#### [ABOUT THIS TASK]
What you return should be the complete data below, word for word, with no pictures in it.

#### [STORED DATA]
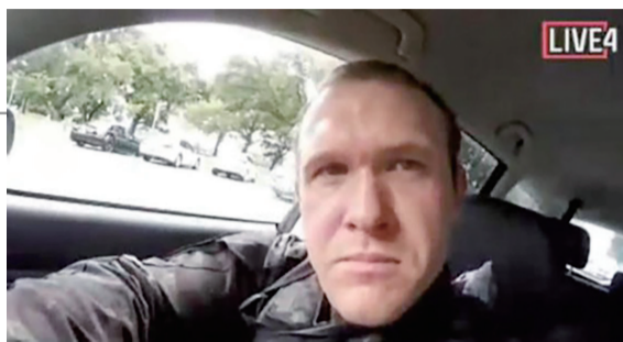
▲枪手塔兰特在网上发布的图片

的伴侣所有。澳大利亚警方说:“行动主要目的是正式获取可能协助新南威尔士州警方后续调查的材料。”新西兰一场大型枪展会原定本月25日在北岛城市奥克兰周边举行。主办方18日在社交媒体留言,说出于对克赖斯特彻奇市枪击事件受害者的尊重,取消展会。这一展会举办已有近五年。(据新华社)
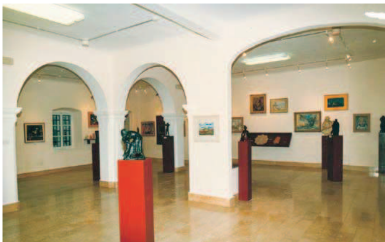
Slika 3. Stalni postav zbirke hrvatskih majstora u Palači Fritzy
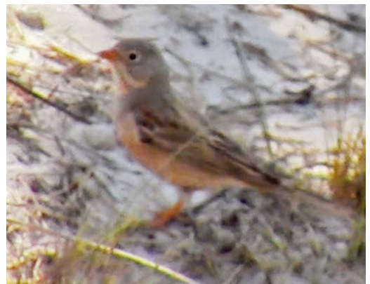
343 Little Bustard / Kleine Trap Tetrax tetrax , adult male, Karsiborska Kępa, Świnoujście, Pomerania, Poland, 12 May 2018 344 Red-tailed Shrike / Turkestaanse Klauwier Lanius phoenicuroides , male, Lezíria da Ponta da Erva, Vila Franca de Xira, Lisboa, Portugal, 14 July 2018 345 Amur Wagtail / Amoerkwikstaart Motacilla leucopsis , male, Kanshengel, Taukum, Kazakhstan, 21 May 2018 346 Black-faced Bunting / Maskergors Emberiza spodocephala , first-year male, Norwick, Unst, Scotland, 14 May 2018 347 Bimaculated Lark / Bergkalanderleeuwerik Melanocorypha bimaculata , Hillesland, Karmøy, Rogaland, Norway, 1 June 2018 348 Grey-necked Bunting / Steenortolaan Emberiza buchanani , male, Gotska Sandön, Gotland, Sweden, 2 June 2018
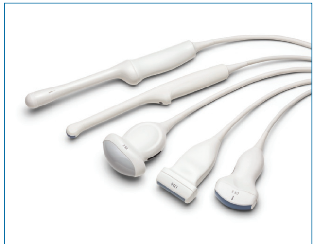
Für Anwendungen in der Frauenheilkunde entwickelt
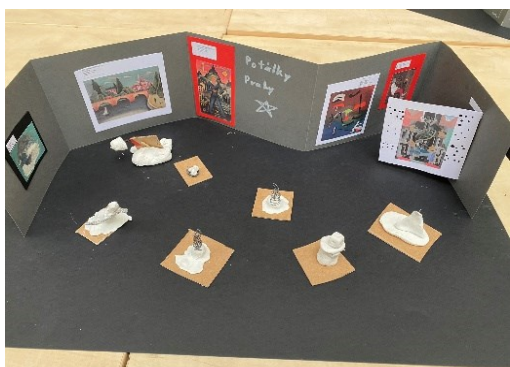
Obrázek 6 Ukázka hotové práce žáků I
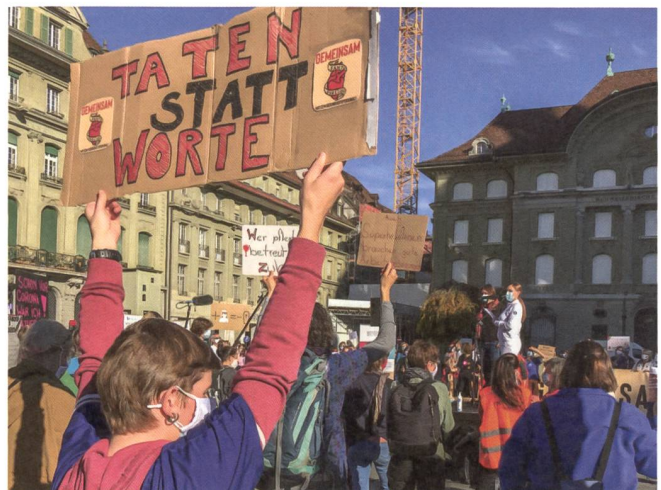
Amnesty International Schweiz
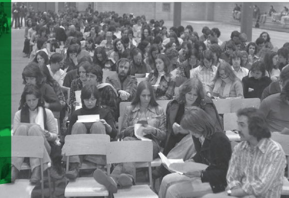
25 mars 1975

et de représentants des médias. L'assemblée doit voter sur la recommandation du conseil syndical d'expédier un avis de grève pour le 1 er avril prochain. Après avoir rejeté un amendement proposant de reporter l'avis au 15 août et d'attendre au premier avril pour décider s'il y aura grève ou non, les 150 professeur.es présents adoptent, à la suite d'un vote secret, la recommandation du conseil (101 pour / 44 contre / 4 bulletins rejetés). 31 Considérant le déroulement des négociations et la grève imminente, l'assemblée convient également de sursoir à l'élection des membres du comité exécutif et des délégués syndicaux et de prolonger leur mandat jusqu'à la signature de la convention collective.
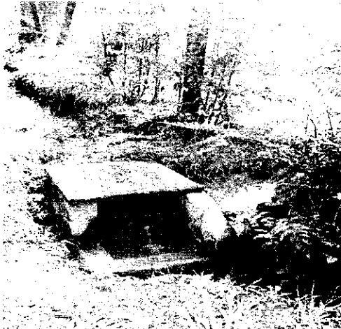
Obra de control
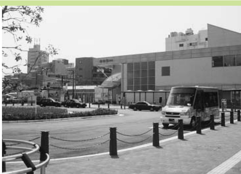
完成した保谷駅北口前広場

市では、平成7年度から保谷駅北口周辺の整備を実施してきました。このたび駅前広場が完成し、市民の皆さんにご利用いただけるようになりました。これにあわせて、はなバス第1ルートも、駅乗り入れを開始しています。
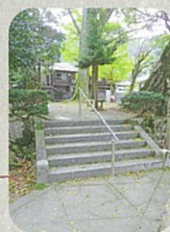
階段の先に飲泉場

#### [WRITTEN ANSWER]
▲枪手塔兰特在网上发布的图片

的伴侣所有。澳大利亚警方说:“行动主要目的是正式获取可能协助新南威尔士州警方后续调查的材料。”新西兰一场大型枪展会原定本月25日在北岛城市奥克兰周边举行。主办方18日在社交媒体留言,说出于对克赖斯特彻奇市枪击事件受害者的尊重,取消展会。这一展会举办已有近五年。(据新华社)
Slika 3. Stalni postav zbirke hrvatskih majstora u Palači Fritzy
343 Little Bustard / Kleine Trap Tetrax tetrax , adult male, Karsiborska Kępa, Świnoujście, Pomerania, Poland, 12 May 2018 344 Red-tailed Shrike / Turkestaanse Klauwier Lanius phoenicuroides , male, Lezíria da Ponta da Erva, Vila Franca de Xira, Lisboa, Portugal, 14 July 2018 345 Amur Wagtail / Amoerkwikstaart Motacilla leucopsis , male, Kanshengel, Taukum, Kazakhstan, 21 May 2018 346 Black-faced Bunting / Maskergors Emberiza spodocephala , first-year male, Norwick, Unst, Scotland, 14 May 2018 347 Bimaculated Lark / Bergkalanderleeuwerik Melanocorypha bimaculata , Hillesland, Karmøy, Rogaland, Norway, 1 June 2018 348 Grey-necked Bunting / Steenortolaan Emberiza buchanani , male, Gotska Sandön, Gotland, Sweden, 2 June 2018
Für Anwendungen in der Frauenheilkunde entwickelt
Obrázek 6 Ukázka hotové práce žáků I
Amnesty International Schweiz
25 mars 1975

et de représentants des médias. L'assemblée doit voter sur la recommandation du conseil syndical d'expédier un avis de grève pour le 1 er avril prochain. Après avoir rejeté un amendement proposant de reporter l'avis au 15 août et d'attendre au premier avril pour décider s'il y aura grève ou non, les 150 professeur.es présents adoptent, à la suite d'un vote secret, la recommandation du conseil (101 pour / 44 contre / 4 bulletins rejetés). 31 Considérant le déroulement des négociations et la grève imminente, l'assemblée convient également de sursoir à l'élection des membres du comité exécutif et des délégués syndicaux et de prolonger leur mandat jusqu'à la signature de la convention collective.
Obra de control
完成した保谷駅北口前広場

市では、平成7年度から保谷駅北口周辺の整備を実施してきました。このたび駅前広場が完成し、市民の皆さんにご利用いただけるようになりました。これにあわせて、はなバス第1ルートも、駅乗り入れを開始しています。
階段の先に飲泉場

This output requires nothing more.